Manually keeping track of elephants understandably presented challenges. Drawings are inexact and subjective, many distinguishing features are ephemeral — tails can be pulled off, ear holes can change size or rip. The identity cards were time consuming to create and could easily be lost.
As technology developed, the identification of elephants drastically changed. Andrea scanned her cards and began taking photographs. For each elephant, she would take photos of the front of the head, and the left and right sides of the elephant’s head and body. Photos were catalogued according to gender, date, and which ears were marked. Digital photography created an instant, convenient, more exact, and inexpensive way to identify and keep track of each elephant.
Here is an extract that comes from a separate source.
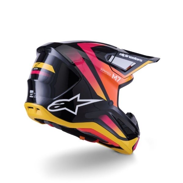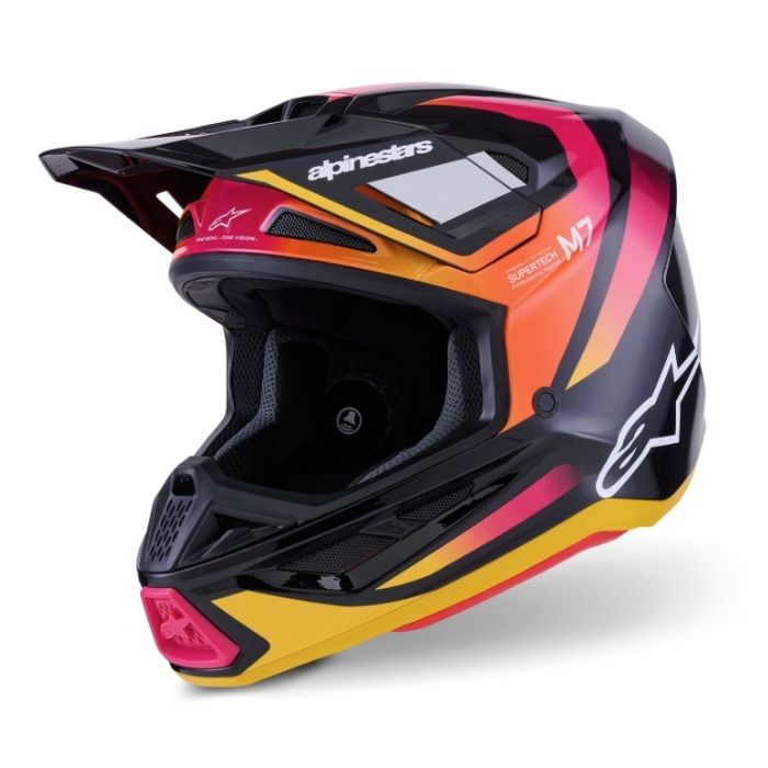 Prilba Supertech M7 značky ALPINESTARS je prémiová terénna prilba z viackompozitnej škrupiny, ktorá vďaka výrobe v podtlakovej peci dosahuje nízku hmotnosť 1260 g pri extrémnej mechanickej odolnosti. Jej unikátna konštrukcia s technológiou PLASMA a zníženým profilom chráni kľúčnu kosť a prekonáva bezpečnostné limity normy ECE 22.06 pri rotačnom náraze až o 76 %. Maximálny jazdný komfort zabezpečuje 20 ventilačných portov a patentovaný systém A-HEAD, ktorý umožňuje individuálne nastavenie výšky a uhla prilby presne podľa tvaru vašej hlavy. Prilba je navyše vybavená systémom rýchloodopínania šiltu aj lícnic (ERS) a je plne pripravená na použitie hydrobagu či komunikátora.

front facing photo of Alpha
Alpha in a family group

Although Andrea is now retired she is working with the current ELP team who are continuing to identify and study the elephants in Dzanga bai. Andrea, ELP’s director Peter Wrege, Julia Gill and Matthias Körschens are working to develop more technologically advanced methods of individual monitoring. Peter Wrege and Julia Gill are working to create a database of some of the identified elephants. Matthias Körschens has developed a program using artificial intelligence that will work as facial recognition for elephants. Technology has and will continue to offer advancement to the study of forest elephants.